A Year of Claude Code: Auto Mode, Loops, and What Actually Surprised Us

1. How far we’ve come in a year

When Claude Code shipped, it generated two emoji reactions on Slack. Boris Cherny (Head of Claude Code) posted the announcement and felt “it was pretty good for easy engineering tasks.” Cat Wu (Head of Product) puts it more bluntly: “That was a really nice way to say it wasn’t very good.”

A year later, Boris describes his daily workflow as “armies of agents, trees of thousands, where one agent is prompting agents that are prompting agents.” That’s not hyperbole — it’s the operational reality for the team that built the product. This lesson extracts the mental model shifts that made that leap possible.

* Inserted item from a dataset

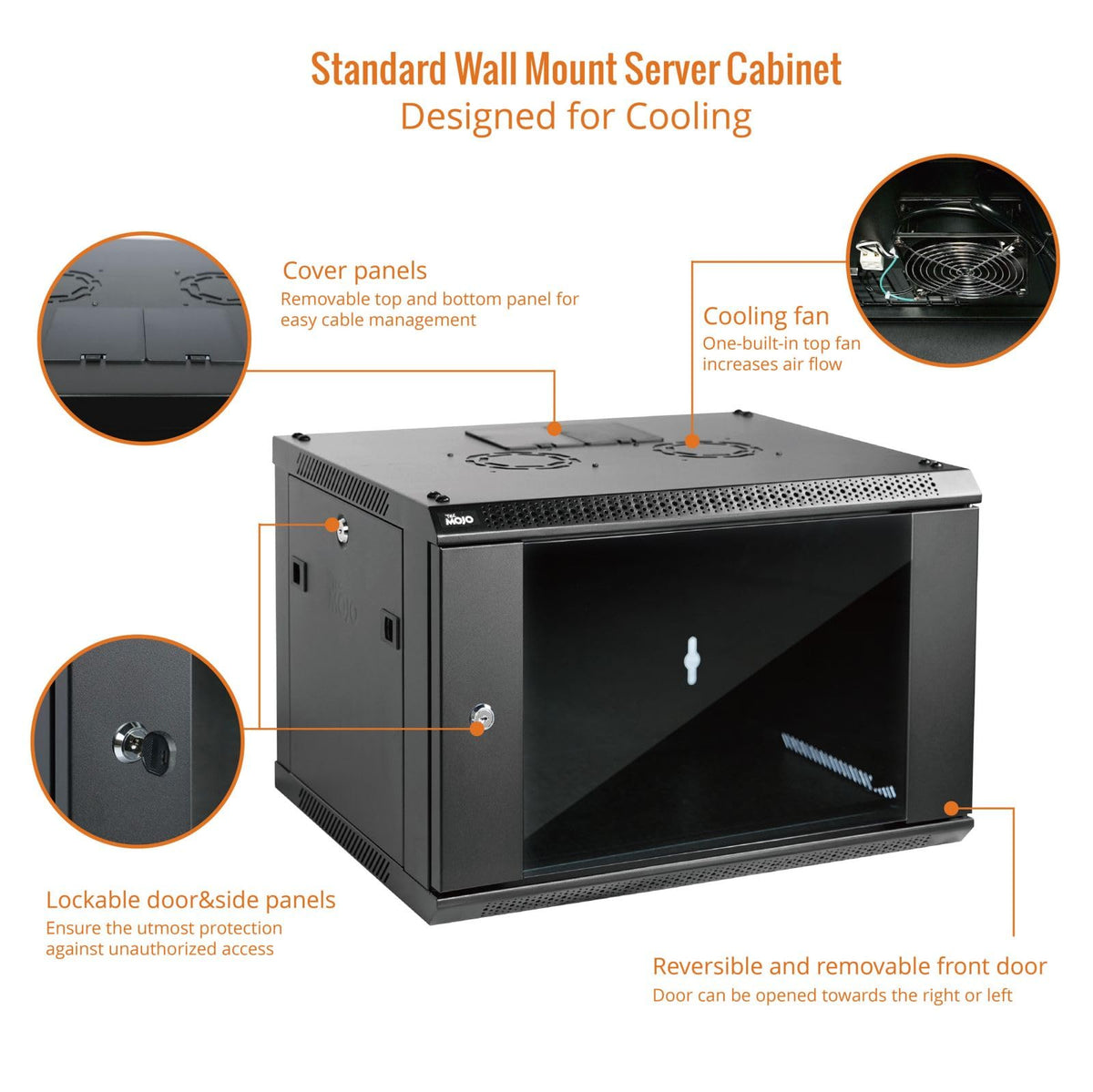 Tecmojo 6U Wall Mount Server Cabinet It Network Rack Enclosure Lockable Door And Side Panels Black,Cooling Fan,Standard Glass Do

2. Auto mode replaced plan mode — and why that matters

The early Claude Code required a human to approve almost every tool call. This was the right call in 2024: models were less aligned, classifiers didn’t exist, and the risk of unreviewed actions was real. So plan mode emerged: Claude proposes, human approves, Claude executes.

But human nature undermined it. When you accept 99% of requests, you stop reading them. Eyes glaze over. The permission prompt that was supposed to be a safety check became theater.

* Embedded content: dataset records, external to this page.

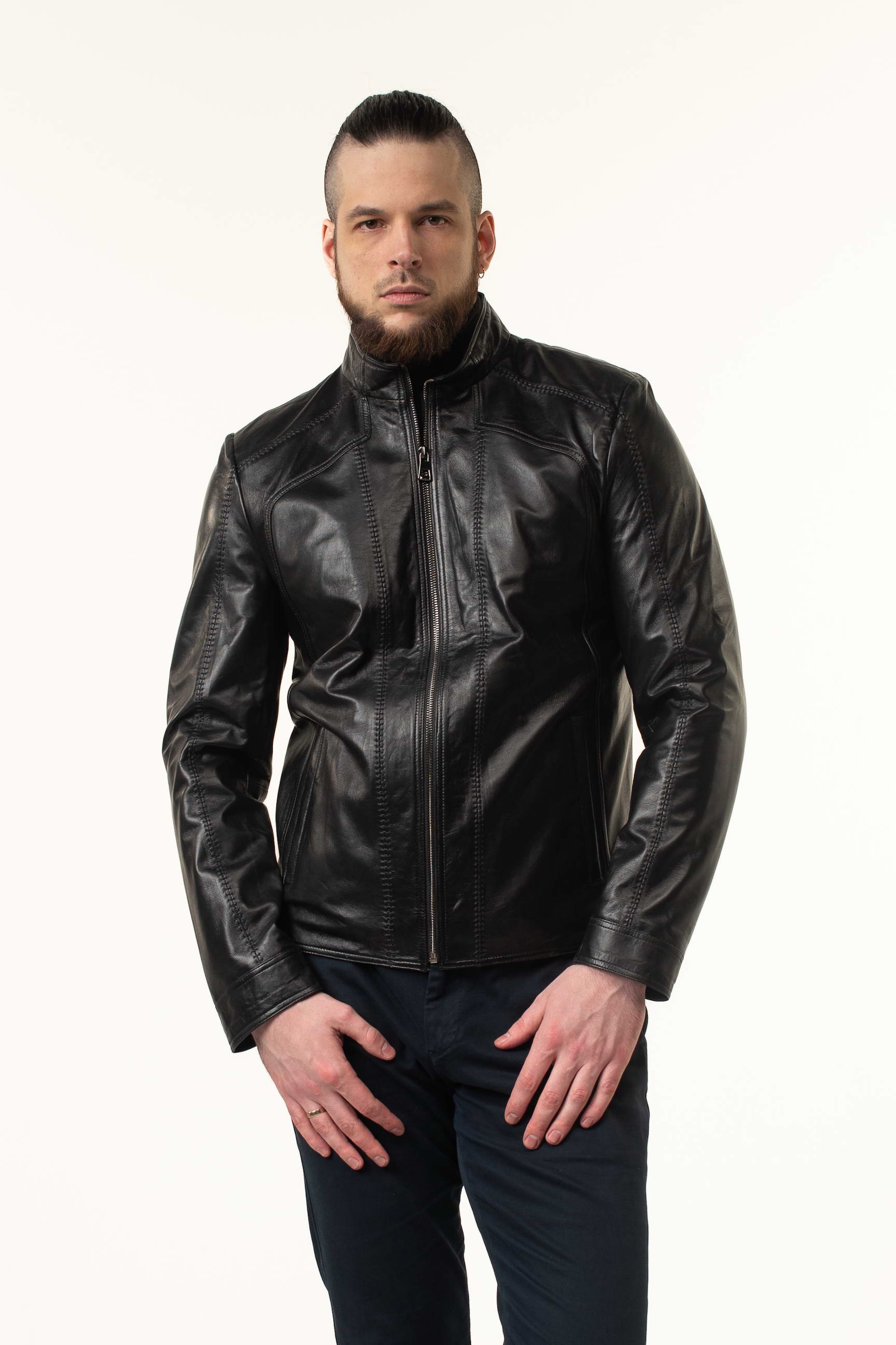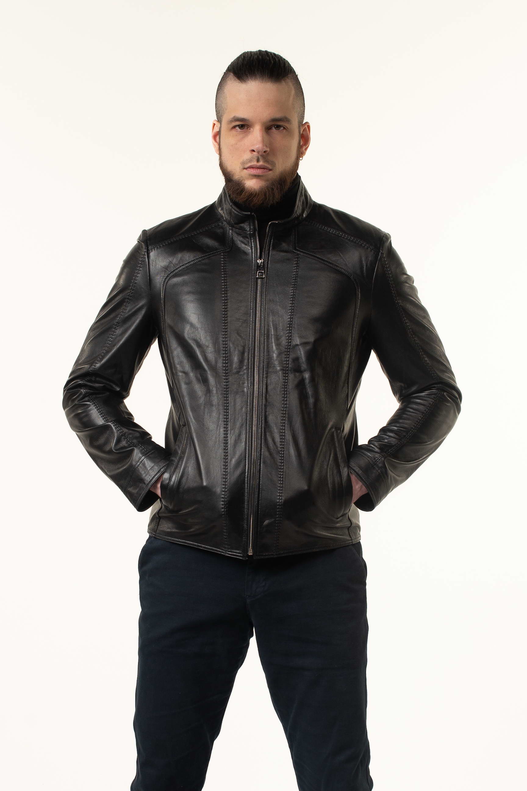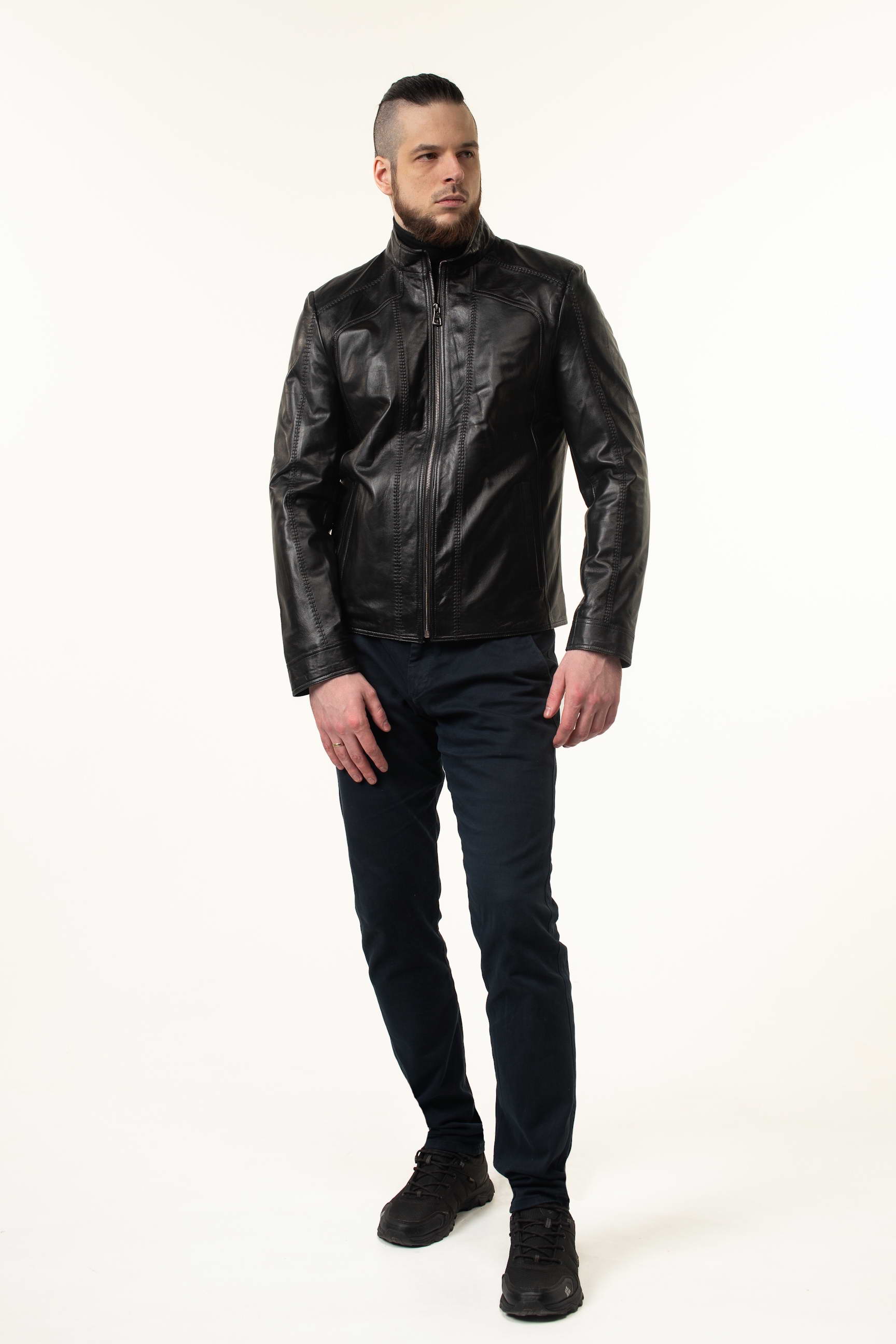 Ефектна чоловіча шкіряна куртка для сезону весна/осінь — поєднання класики та сучасних деталей. Модель виготовлена з натуральної телячої шкіри преміальної якості, яка відзначається м’якістю, еластичністю та високою зносостійкістю. Гладка поверхня матеріалу гармонійно доповнена декоративними прострочками, що додають виробу структури та виразності.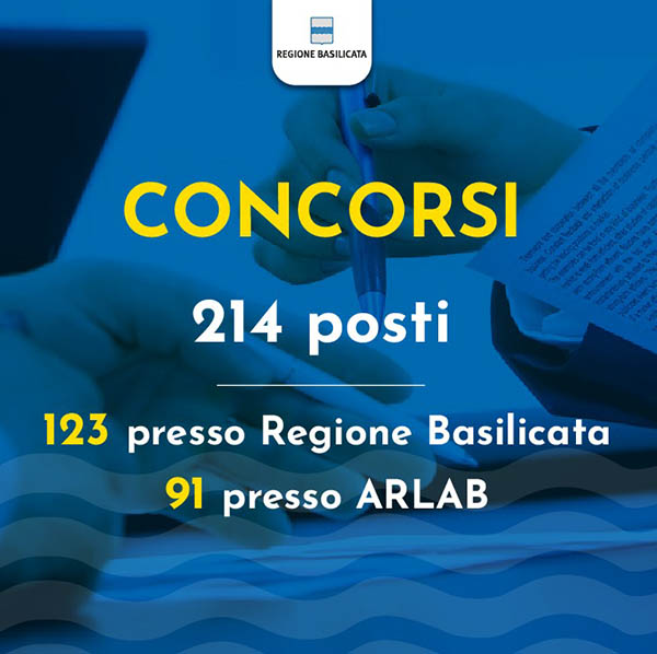 Oggi in Giunta abbiamo approvato i bandi di concorso per 214 posti in Regione Basilicata e Arlab.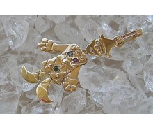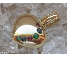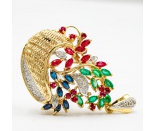 Edelmetall: 585 GelbgoldEdelsteine: 18 Rubine 7 Safire 9 Smaragde 27 Diamanten zusammen ca. 0,20 ct.Maße: Länge: ohne Öse: 31,7 mm, mit Öse: 40,0 mm, Breite: 27,5 mm, Öse innen: 6,0 mm x 3,5 mmGewicht: 7,9 gZustand: Gebraucht, siehe FotosZertifikat: Die Angaben spiegeln unsere persönliche Meinung wider, die wir uns nach bestem Wissen und Gewissen auf...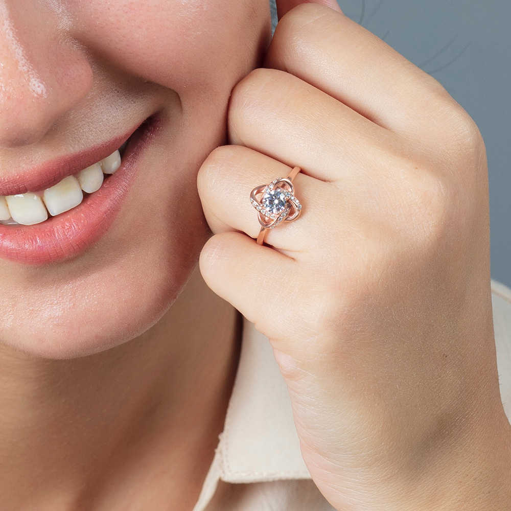 Zirkon Tektaşlı Samanyolu Tasarım Rose Renk 925 Ayar Gümüş Bayan Yüzük

The evolution of the Claude Code interaction model. Each generation handed more autonomy to the model — not by removing safety, but by making safety smarter.

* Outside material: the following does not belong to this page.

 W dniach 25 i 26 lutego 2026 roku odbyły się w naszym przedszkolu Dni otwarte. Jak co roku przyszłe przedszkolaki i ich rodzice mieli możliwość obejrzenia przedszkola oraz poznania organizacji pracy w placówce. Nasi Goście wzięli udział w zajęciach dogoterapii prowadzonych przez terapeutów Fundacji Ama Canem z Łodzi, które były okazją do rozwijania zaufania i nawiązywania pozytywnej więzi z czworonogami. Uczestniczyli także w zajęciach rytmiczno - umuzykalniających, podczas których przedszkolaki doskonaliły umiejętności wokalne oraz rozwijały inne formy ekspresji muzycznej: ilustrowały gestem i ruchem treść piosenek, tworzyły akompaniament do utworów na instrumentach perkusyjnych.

Auto mode replaced plan mode for a counterintuitive reason: it’s safer. Instead of a human rubber-stamping 99% of requests, a classifier trained on thousands of transcripts evaluates every action. Red teamers tried to prompt-inject; those attacks became evals; the classifier was hardened against all of them.

Boris’s advice: use auto mode for everything from Sonnet 4.6 onward. The model no longer needs a planning step — it can work autonomously and only surfaces the decisions that actually need you.

3. Verification is not tests or linting

“Whenever we talk about verification, people think unit tests, lint, type check. These were already automated. That’s not what we mean.”

Real agent verification asks a different question: can the agent run the thing? Not “does the code pass CI” — but “can Claude launch the app, click through the new UX, hit the edge case, and report what it saw?”

On the Claude Code desktop app team, this looks like:

A skill teaches Claude how to launch the local desktop app
Claude uses computer use to navigate the new UI
Claude tests edge cases and reports failures
When it hits staging issues, it reads Slack to check whether staging is already known-down before wasting time debugging

The key difference: verification is runtime observation at the product’s actual surface, not a pass/fail signal from test infrastructure. Tests tell you the code does what you wrote. Verification tells you the product does what users experience.

Check your understanding

3 questions · your answers are saved in this browser only

1. Why is auto mode considered MORE secure than manually reviewing every permission prompt?

Human attention is finite. Rubber-stamping 99% of prompts means you miss the 1% that are actually dangerous. A classifier trained on red-team attacks and real trajectories maintains constant vigilance without fatigue.
2. What does "verification" mean in the context of agentic coding — according to Boris and Cat?

Verification is runtime observation at the product surface — clicking around the UI, hitting the API endpoint, running the simulator. Tests and lint were already automated before agents existed.
3. What is a "routine" in Claude Code?

Routines are always-on autonomous loops. The voice mode engineer's routine listens for every issue filed about voice mode and proactively puts up fixes. Another routine fixes unresponded bug reports within 5 hours.

4. Routines: the killer feature nobody expected

The most surprising moment in the video: Boris is working on a bug when Claude Code tells him another agent already fixed it. He never talked to that engineer about the feature. The engineer had set up a routine — a persistent loop that watches for unresponded bug reports older than 5 hours and opens fixes automatically.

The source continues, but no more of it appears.